Beachten Sie aber, dass eine virtuelle Maschine mit hohem Netzwerk-Traffic auch viele CPU-Ressourcen beansprucht, und zwar sowohl innerhalb der VM als auch für den VMkernel. Aus diesem Grund könnte ein ESXi-Server mit limitierten CPU-Ressourcen einen geringeren Netzwerk-Durchsatz aufweisen, wenn ihm höhere CPU-Kapazitäten verwehrt werden.

Auch Shared Storage beeinträchtigt die Performance

Die Leistungsfähigkeit der Festplatten ist oft ein stiller Performance-Killer für das ganze System. Die Performance der VM-Festplatten ist meist durch Anzahl und Art der Datenträger in einem Array limitiert. Zudem kommt es darauf an, wie viele virtuelle Maschinen sich diese Festplatten teilen. Shared Storage führt außerdem oft dazu, dass die Daten von allen virtuellen Maschinen an einem Ort zusammentreffen und die Storage-Controller und -Festplatten überlasten. Als Konsequenz müssen die virtuellen Maschinen dann auf das Storage warten.

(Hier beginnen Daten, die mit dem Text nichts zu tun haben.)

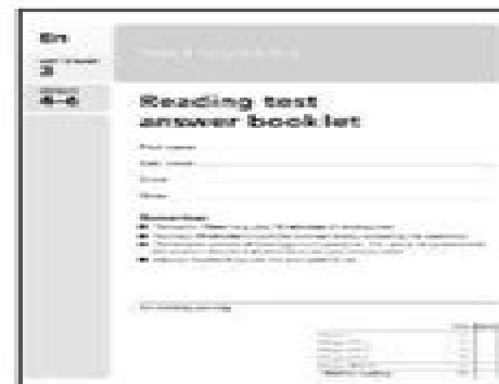
Reading test answer booklet

ESXi berücksichtigt die Zeit, die eine VM auf Disk I/O wartet, im selben Tracker, der auch für die Leerlaufzeit der VM-CPU verwendet wird. Der Effekt auf die Performance ist allerdings sehr unterschiedlich. Wartet eine virtuelle Maschine auf I/O, erledigt sie in dieser Zeit keine weiteren Aufgaben. Lange Wartezeiten wirken sich demnach sehr negativ auf die Performance aus. Daher muss beim VM-Design auch tunlichst das Storage-System mitbedacht werden.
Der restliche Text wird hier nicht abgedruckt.